中金公司 ·  Apr 19, 2021 00:00

  Net profit in 2020 was higher than our expectations

The company announced its 2020 results: revenue of 964 million yuan, YoY +19.3%; net profit of 32 million yuan, YoY -58.5%; net profit of non-return mother of 30 million yuan, YoY +165.9%.

The company's profit was higher than our expectations, mainly due to the limited decline in the fair value of its Guiyang Bank shares and the transfer of Rongxin Electronics to obtain a one-time investment income of 27 million yuan.

Core equipment and microelectronics businesses are growing rapidly. By business, 1) the aviation engineering technology and service business was limited by the impact of the epidemic, with annual revenue of 384 million yuan, YoY +12.9%, of which the Tianjin maintenance subsidiary turned a profit in 2020, achieving revenue of 111 million yuan and a net profit of 5.3 million yuan; 2) Core equipment R&D, manufacturing and security business revenue of 269 million yuan, YoY +58.7%, mainly due to the completion of multiple batch production projects and a new high volume of engine maintenance; 3) The microelectronics business revenue was 167 million yuan, YoY +87.8%, mainly benefiting the customer group Don't import and solidify, scale up science and equipment products, and release some civilian goods; 4) The aviation training business was hit by the epidemic, with revenue of 40 million yuan, YoY -42.1%.

Aviation training and microelectronics gross margins have declined markedly. 1) The company's comprehensive gross margin in 2020 was 39.5% (excluding taxes and surcharges), a year-on-year decrease of 2.4ppt, mainly affected by the decline in gross margin of the microelectronics and aviation training business. Among them, the aviation training business was seriously affected by the epidemic, and gross margin fell 16.7ppt to 28.3%, but the gross margin of the core equipment R&D, manufacturing and security business increased 2.2 ppt to 51.7% year-on-year in 2020, mainly due to changes in product structure and scale effects.

Sales and management expenses are reduced, and high investment in R&D is maintained.
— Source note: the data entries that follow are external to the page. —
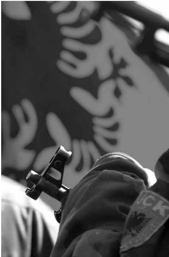
The Albanian flag waves behind the tip of a gun held by a KLA fighter during a ceremony in Likosane, Kosovo, in February 1999.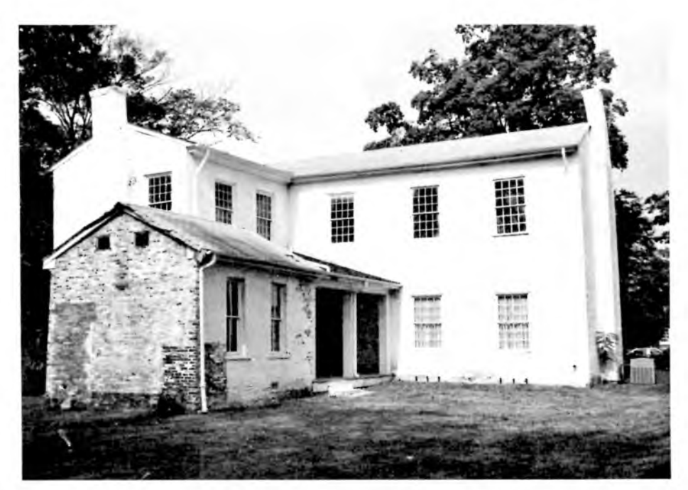
Rear view of the Weeden House from the southeast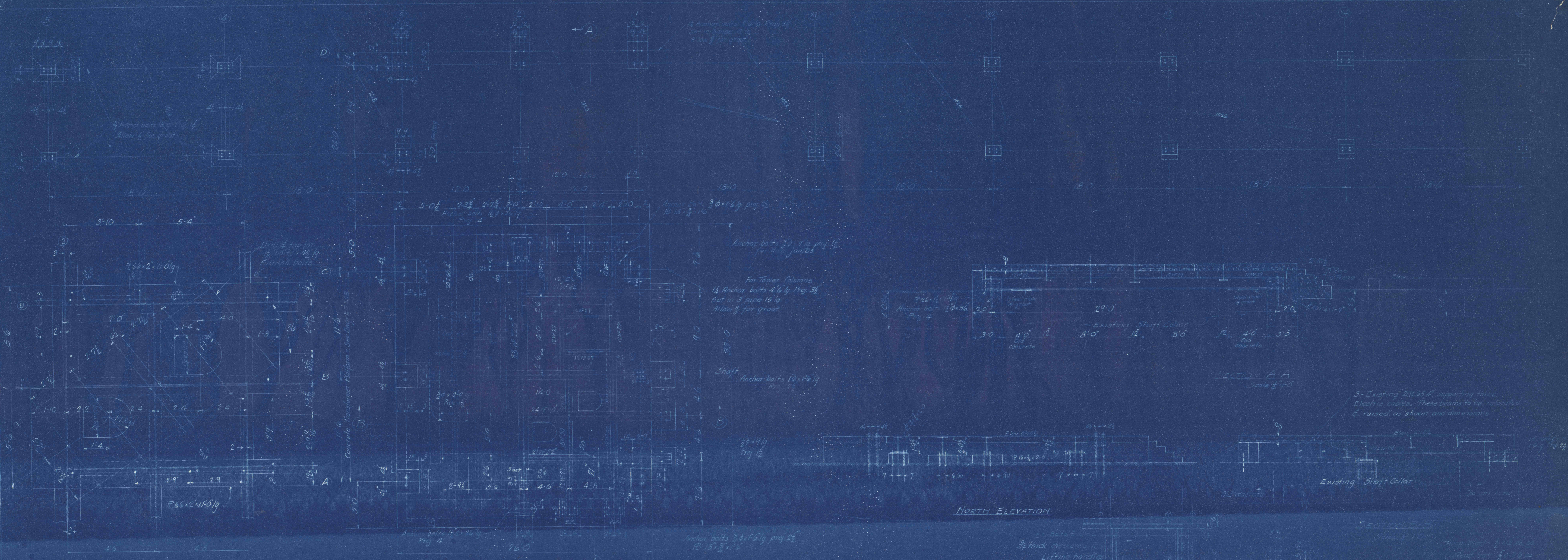
PLAN FOR MOTOR BASE PLATES Scale 1/4" = 1'-0"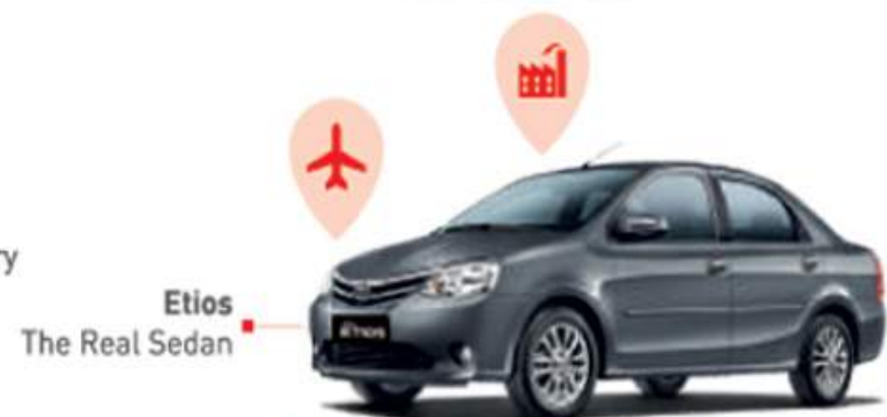
Etios The Real Sedan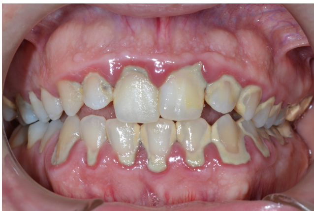
FIGURE 3 Clinical presentation of a 20-year-old Caucasian male patient with plaque-induced gingivitis and cannabis-induced gingival enlargement

The statistical logistic regression analyses were adjusted for age, gender, paternal income, paternal education, frequency of tooth-brushing, and time since last dental visit. The results showed no association between "Ever use of cannabis" and combined attachment loss \geq 3 mm where nonsmokers (odds ratio = 0.95), occasional smokers (odds ratio = 1.15), or daily tobacco smokers (odds ratio = 0.98) were concerned. Similarly, there was no evidence for any association between "regular cannabis use" and combined attachment loss \geq 3 mm irrespective of the tobacco smoking category. When analyses were adjusted for the effects of all the covariates, all but one odds ratio estimate indicated a negative association between cannabis use and the presence of necrotizing ulcerative gingivitis. An inverse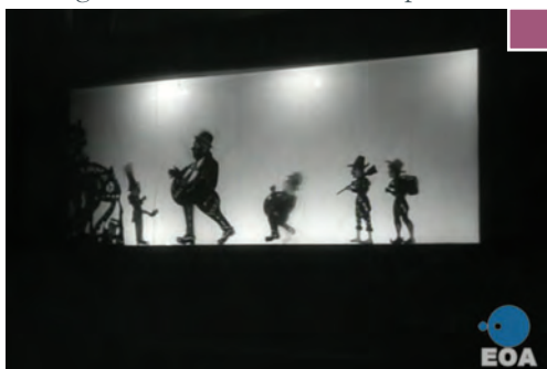
Evgenios Spatharis playing the Greek "Καραγκιόζης" in a galanty and puppet show in Rome (1961).

The Hellenic Ministry of Education, Lifelong Learning and Religious Affairs is developing plans to play the role of National Aggregator for content related to libraries and archives as well as of educational content. In this context, they are planning to offer access, through their Web site, to some 18.00.000 pages digitised in their public library network, and to about 5.000.000 pages of the Greek state archives. A small part, about 10% of these, is expected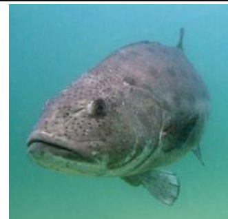
Black Sea Bass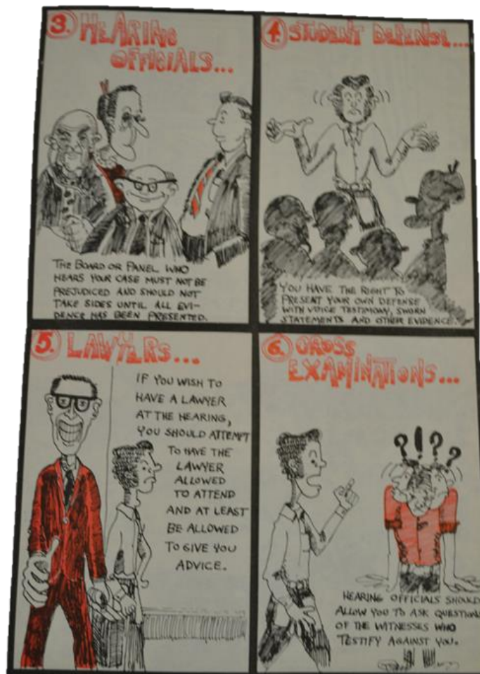
Figure 1.2 Illustration from South Carolina Handbook of Student Rights and Responsibilities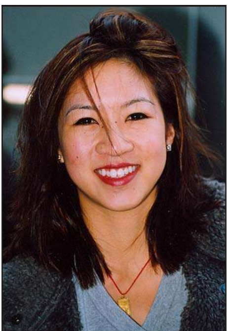
H.E. Michelle Kwan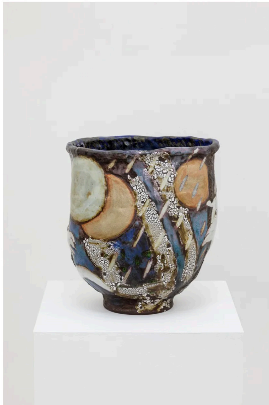
Karin Gulbran, Fallen Cat in Rain (2015). Stoneware, 17.5 x 17 x 14 inches.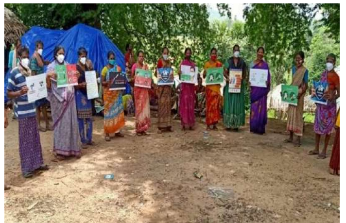
Awareness through Flexes and Posters on COVID - 19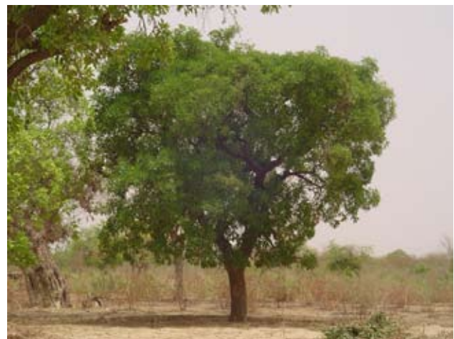
Picture 2. Vitellaria paradoxa (shea tree).

cies is mentioned include: Parkia biglobosa (114), Vitellaria paradoxa (109), Vitex doniana (108), Tamarindus indica (106), Bombax costatum (97), Paullinia pinnata (97), Sarcocephalus latifolius (97), Sclerocarya birrea (97), Saba senegalensis (95) and Adansonia digitata (94). The herbaceous species providing straw (mainly Andropogoneae ) are ranked in second position (93). In the traditional veterinary category of plant uses, investigation revealed that (93 %) of farmers use part of plant for animal health care. 39 woody species belonging to 35 genera and 22 families are recorded; these species representing 44% of the woody plant species of the Park. The most used species include Adansonia digitata , Anogeissus leiocarpus , Balanites aegyptiaca , Parkia biglobosa , Pterocarpus erinaceus , Sclerocarya birrea , Sterculia setigera and Vitex doniana . About 122 different uses for traditional veterinary purposes have been recorded.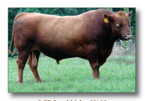
LCB Jewel Maker N155 Semen sells as Lot 85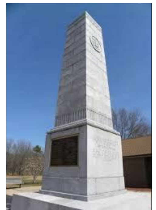
United States Monument at Cowpens National Battlefield

Again, all members of the chapter are encouraged to participate in this annual observance which was the first historic event official recognized as a National event by the SAR.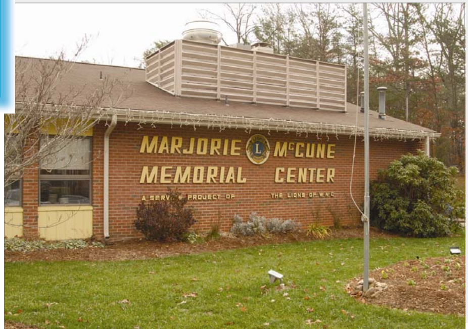
Daikin's Variable Refrigerant Volume (VRV ® ) System provides the assisted living center with performance equivalent to a premium chiller system, in a package that is easy to install, cost effective, and allows each room's temperature to be set at the residents' personal preferences.

The decision was made to remove the PTACs which had been in place for decades. They began requiring more and more repairs, and had become progressively more costly to run. In their place, the highly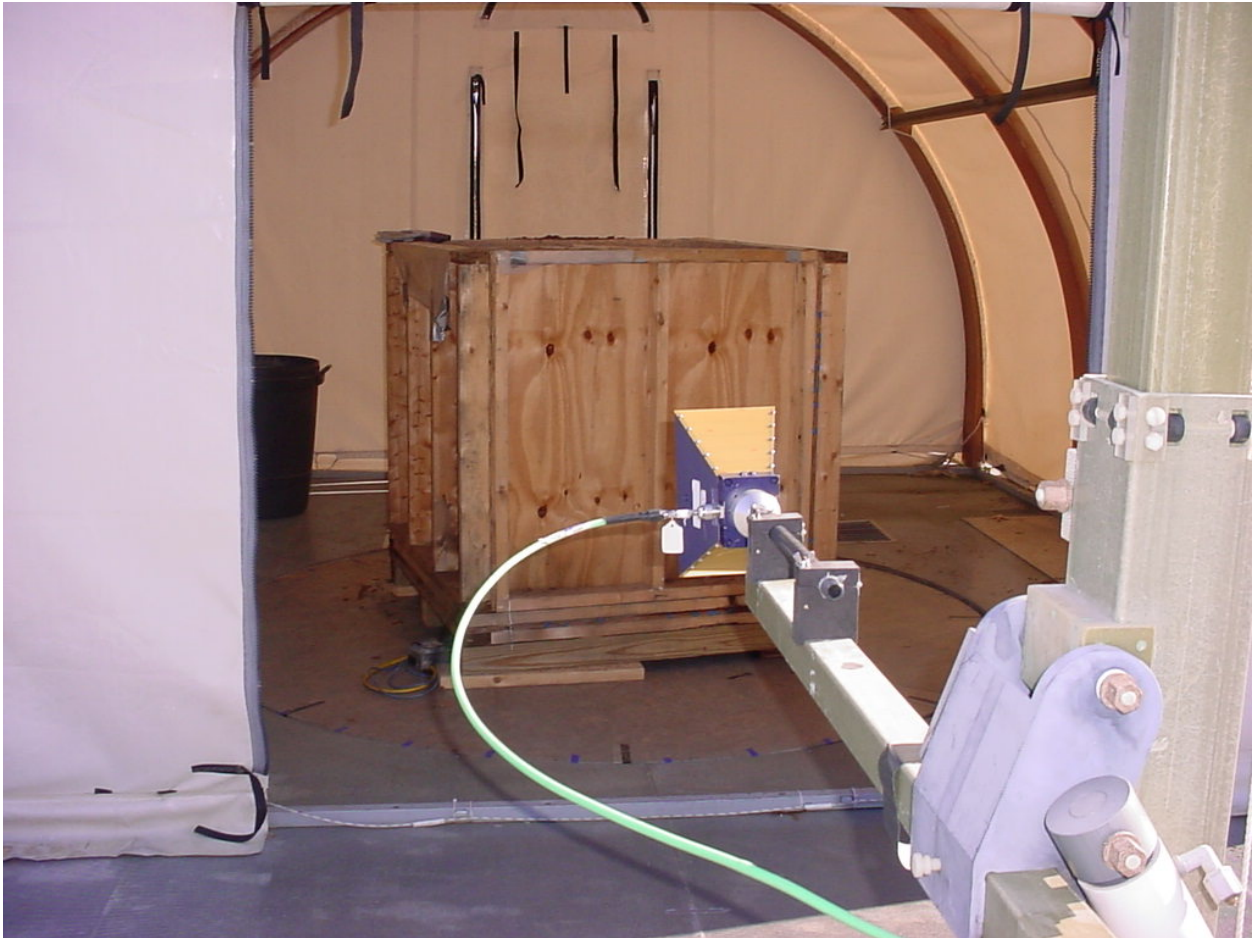
Figure 1: Test Setup – Radiated Emissions (Intentional – Wood Test Fixture Exterior)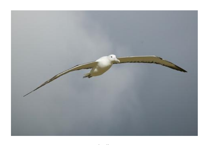
Royal Albatross

Named after the 16th Century English seaman, Sir Francis Drake, this waterway of about 600 miles separates the southernmost tip of South America from Antarctica. You cross the Polar Front approximately halfway across Drake Passage. Those on watch may sight several species of albatross and petrel following the ship; it is a particularly good area for royal albatross and blue petrel. Stay on the lookout for pods of sperm whales and other whales. Almost 500 miles north of the South Shetlands, you will near Cape Horn, with a distant view before turning northeast toward the Beagle Channel. The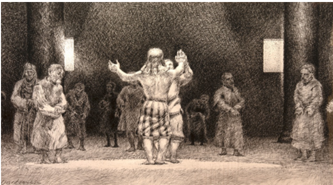
Joseph Revealing His True Identity to His Brothers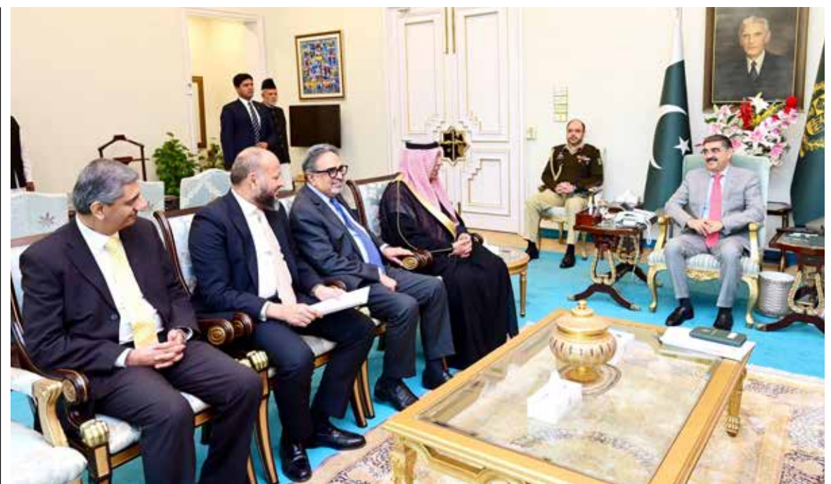
ISLAMABAD: Head of Al-Jomaih Group alongwith a delegation call in Caretaker Prime Minister Anwaar-ul-Haq Kakar.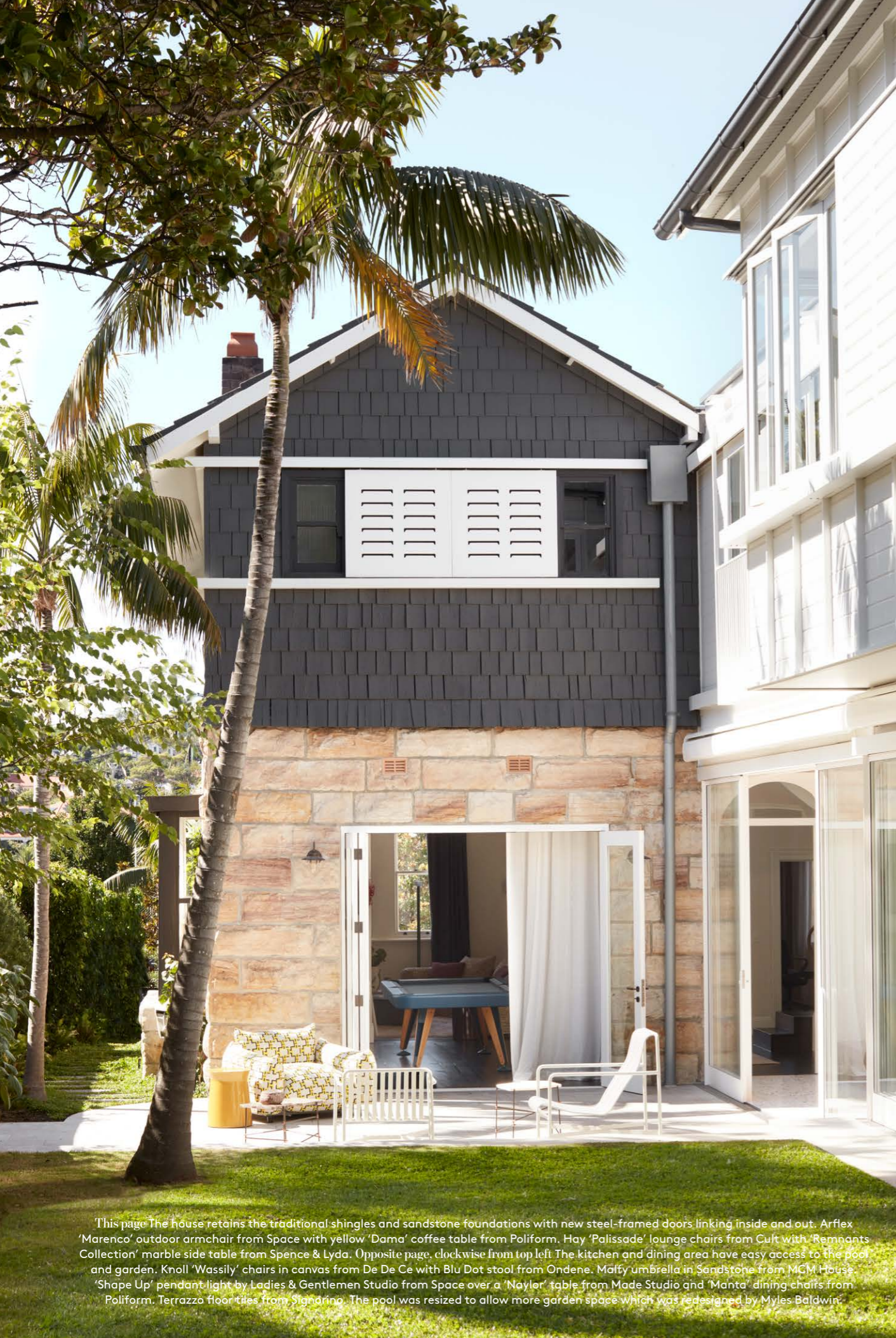
This page The house retains the traditional shingles and sandstone foundations with new steel-framed doors linking inside and out. Arflex 'Marengo', outdoor armchair from Space with yellow 'Dama' coffee table from Poliform. Hay 'Palissade' lounge chairs from Cult with 'Remnants Collection' marble side table from Spence & Lyda. Opposite page, clockwise from top left The kitchen and dining area have easy access to the pool and garden. Knoll 'Wassily' chairs in canvas from De De Ce with Blu Dot stool from Ondene. Malfy umbrella in Sandstone from MCM House. 'Shape Up' pendant light by Ladies & Gentlemen Studio from Space over a 'Naylor' table from Made Studio and 'Manta' dining chairs from Poliform. Terrazzo floor tiles from Sigdrino. The pool was resized to allow more garden space which was redesigned by Myles Baldwin.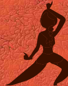
CULTURE & TRADITIONS

Affected by the epidemic, the company's travel expenses and conference expenses were drastically reduced. At the same time, the company strengthened lean management. The cost rate during 2020 was 32.0%, a year-on-year decrease of 7.5ppt. Among them, sales expenses fell 14.1% year on year, management expenses fell 3.1% year on year, and R&D expenses increased 18.6% year on year. The company revealed that a total of 25 scientific research projects are progressing simultaneously, with the engine electronic control system being developed in a series; participating in the development and manufacture of subsystems for large domestic aircraft; and the self-designed and self-constructed engine test bench completed performance tests, which have already been put into scientific research and testing.

Development trends

The “14th Five-Year Plan” core equipment business is expected to grow rapidly. 1) The company is a leading domestic aircraft MRO. It is also an important subsystem supplier for domestic aviation special equipment. There is a high degree of certainty that the business will continue to grow during the “14th Five-Year Plan” period. 2) The subsidiary company Hiwei Huaxin is an advanced compound semiconductor IDM company in China. The products have been sent samples to well-known domestic 5G communication equipment suppliers for verification. We expect that the increase in production capacity utilization and delivery rate in the future is expected to drive gross margin to continue to rise.

Profit forecasting and valuation

Due to the impact of the pandemic on the company's aviation training business, we lowered our 2021 revenue forecast by 25% to 1.01 billion yuan, but considering factors such as increased comprehensive gross margin and lower cost rates, we kept our 2021 profit forecast unchanged, introducing net profit of 67 million yuan in 2022.

The current stock price corresponds to 2.3x/2.2x 2021/2022 PB. Maintaining a neutral rating and a target price of 12.85 yuan, corresponding to 2.7x/2.7x 2021/2022 PB, there is 19.0% upside.

risks

Delivery of products and orders fell short of expectations, and the prices of financial products held fluctuated.

The translation is provided by third-party software.